═══ Given information

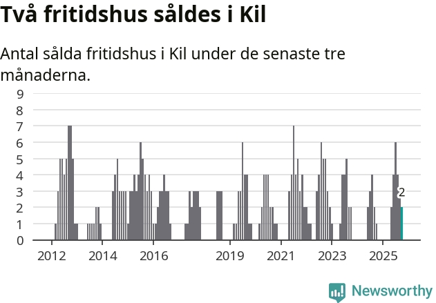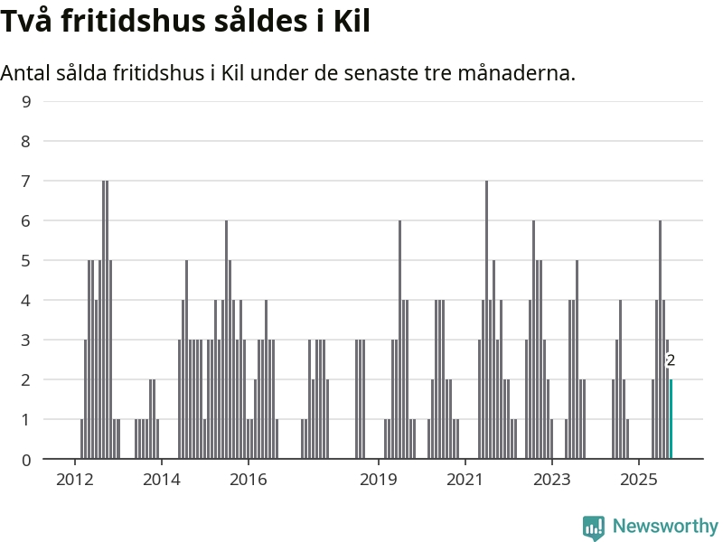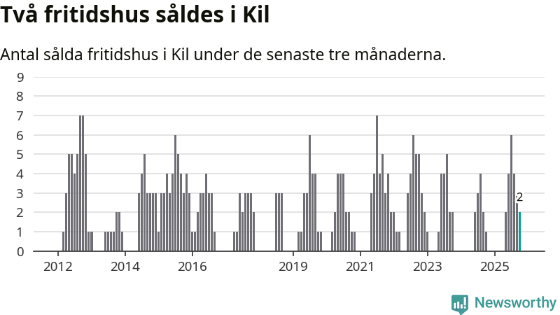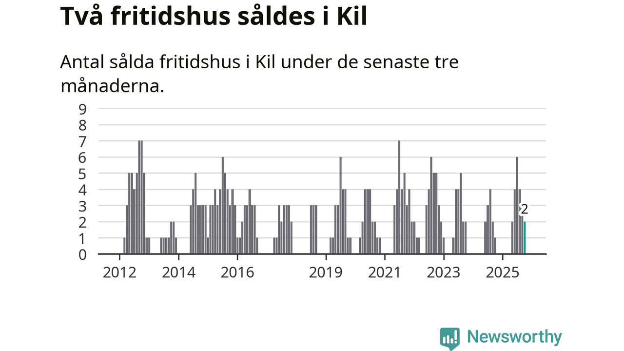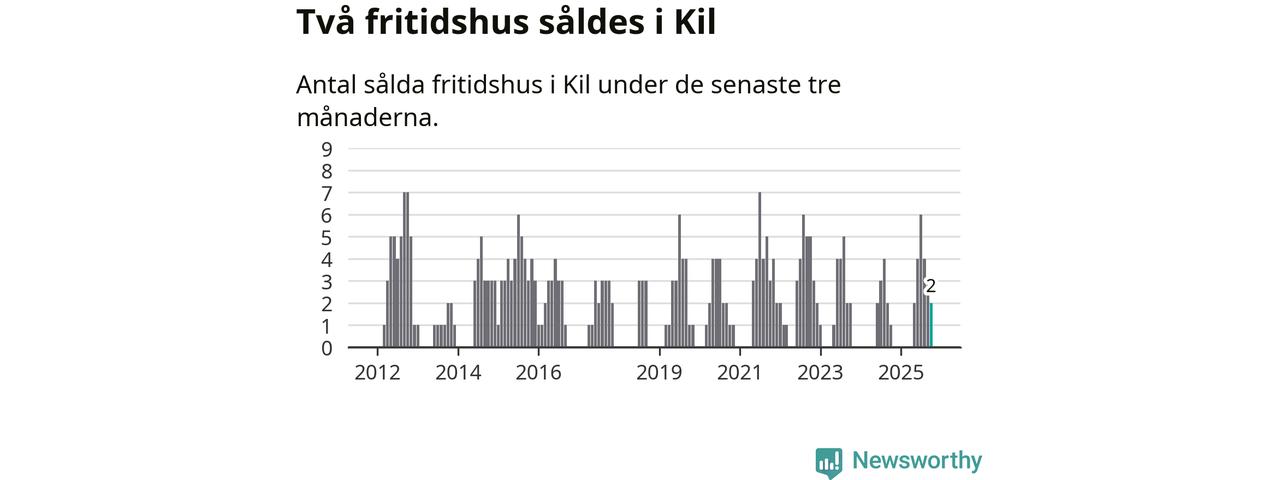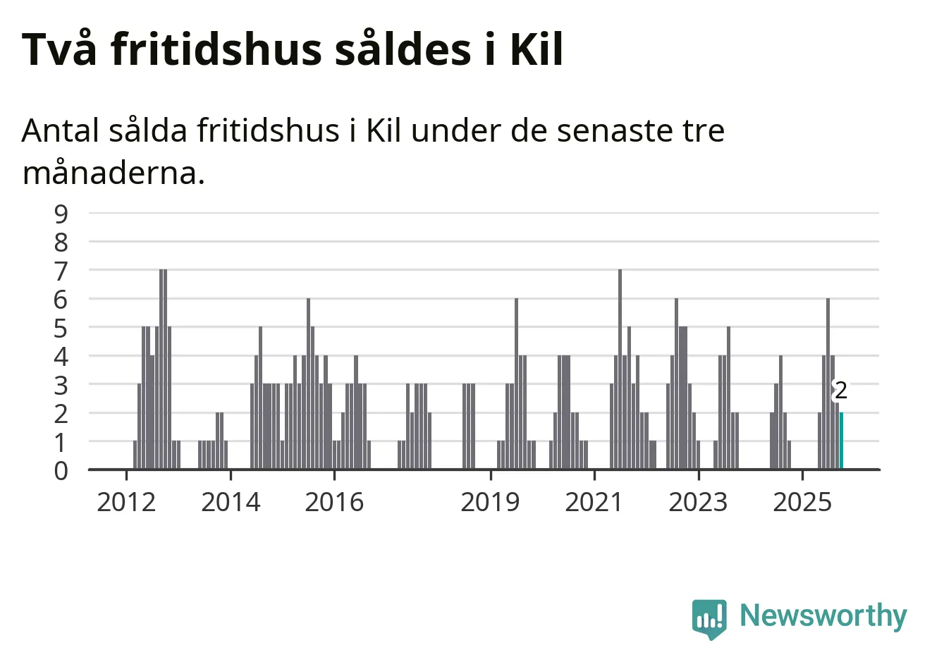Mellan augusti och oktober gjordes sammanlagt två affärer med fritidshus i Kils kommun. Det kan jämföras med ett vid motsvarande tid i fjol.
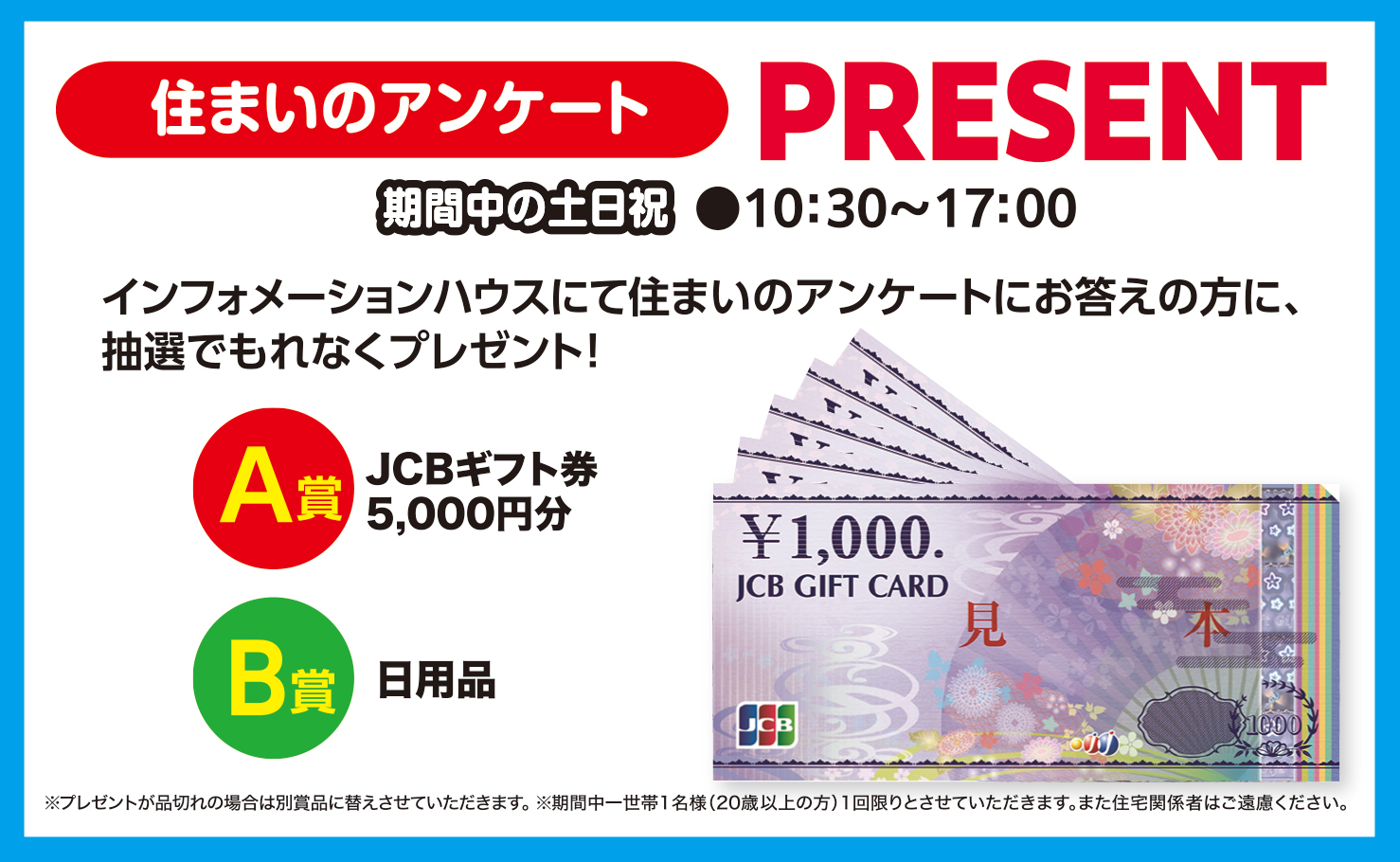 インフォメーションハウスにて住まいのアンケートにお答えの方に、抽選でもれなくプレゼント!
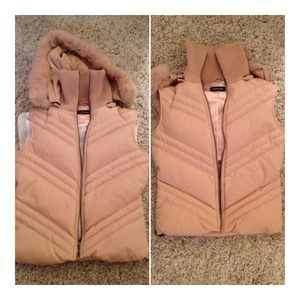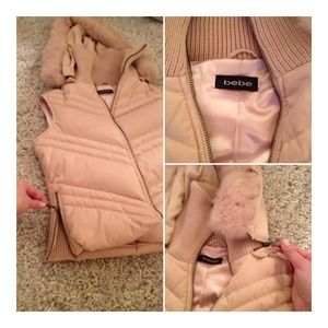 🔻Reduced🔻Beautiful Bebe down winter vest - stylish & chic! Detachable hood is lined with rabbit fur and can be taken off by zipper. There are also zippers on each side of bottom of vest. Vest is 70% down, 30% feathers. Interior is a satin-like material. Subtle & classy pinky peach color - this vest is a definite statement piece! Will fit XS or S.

══════

Exercise goal ::
Reproduce the data above verbatim, minus any images.

Answer section ::
Mellan augusti och oktober gjordes sammanlagt två affärer med fritidshus i Kils kommun. Det kan jämföras med ett vid motsvarande tid i fjol.
 インフォメーションハウスにて住まいのアンケートにお答えの方に、抽選でもれなくプレゼント!
 🔻Reduced🔻Beautiful Bebe down winter vest - stylish & chic! Detachable hood is lined with rabbit fur and can be taken off by zipper. There are also zippers on each side of bottom of vest. Vest is 70% down, 30% feathers. Interior is a satin-like material. Subtle & classy pinky peach color - this vest is a definite statement piece! Will fit XS or S.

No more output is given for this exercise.